An Option shall be exercisable by delivery of (1) a duly signed
subscription form in writing, generally conforming to the notice set out in
Exhibit A which is incorporated herein by reference, to such effect and (2) the
full purchase price of the number of Option Shares being purchased pursuant to
the exercise of the Option to the treasurer of the Corporation or to any other
officer of the Corporation appointed for the purpose of receiving the same;
provided, however, that this Option may not be exercised at any time when the
exercise thereof violates any law or governmental order or regulation.

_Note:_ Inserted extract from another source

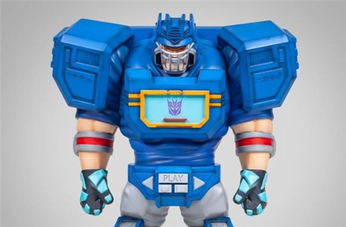 LEAGUE OF STEEL (League of Steel) is a product series of Fool's Paradise that features bold looks and characters with muscular physiques like football players. Among them, Transformers-themed works have been launched such as Ke Bowen, Bumblebee, and Mikado. The protagonist of this time is the Decepticon spy master "Sound Wave"! The height reaches 38 centimeters and is made of Vinyl and PVC materials. It not only reproduces the main tone of blue and gray and is embellished with yellow, the chest, shoulder armor, and head all have the characteristics of the G1 setting, and the waist part is also carved according to the character's characteristics. The word PLAY and the play button... etc., coupled with the rich details and aging treatment, the whole thing is quite handsome!

8. Stockholder Rights of Holder. The Holder does not have any rights or
privileges of a stockholder of the Corporation with respect to any Option Shares
issuable upon the exercise of such Option until certificates representing such
Option Shares shall have been issued and delivered to such person.
9. Amendment and Termination. In the event that this Option has not been
exercised on or before two years from the date of the Closing, the Option shall
terminate and shall no longer be exercisable. In no event may the Option be
exercised after the expiration of this term.
The termination of the Option shall not affect any restrictions previously
imposed on Option Shares issued pursuant to the Option.
10. Transferability. The transferability of the Option and Option Shares are
governed by the provisions of this paragraph 10.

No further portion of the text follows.